[llvm] [RISCV] Fold add_vl into accumulator operand of vqdot* (PR #139484)
via llvm-commits
llvm-commits at lists.llvm.org
Sun May 11 17:23:13 PDT 2025
llvmbot wrote:
<!--LLVM PR SUMMARY COMMENT-->
@llvm/pr-subscribers-backend-risc-v
Author: Philip Reames (preames)
<details>
<summary>Changes</summary>
If we have a add_vl following a vqdot* instruction, we can move the add before the vqdot instead.
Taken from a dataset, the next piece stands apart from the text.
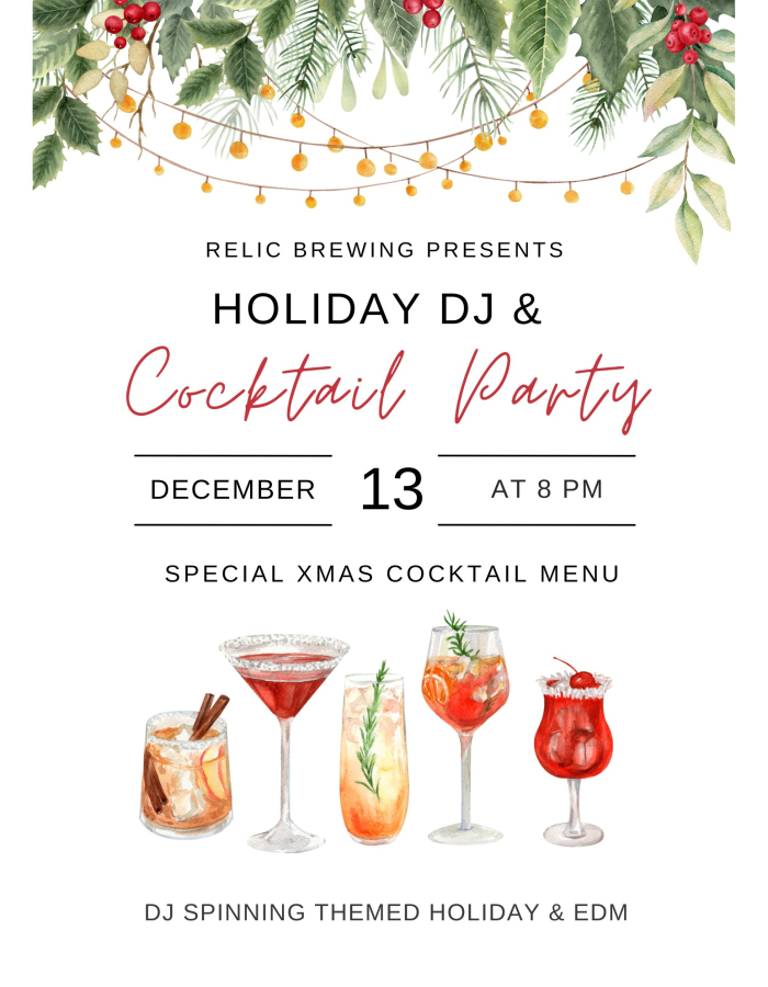 Únase a nosotros para una noche de música navideña animada con DJ y ambiente EDM de fondo combinado con un menú completo de cócteles navideños personalizado solo para la fiesta (lo publicaremos más cerca del evento).

For cases where the prior accumulator was zero, we can fold the add into the vqdot* instruction entirely. This directly parallels the folding we do for multiply add variants.
---
Full diff: https://github.com/llvm/llvm-project/pull/139484.diff
2 Files Affected:
- (modified) llvm/lib/Target/RISCV/RISCVISelLowering.cpp (+70-3)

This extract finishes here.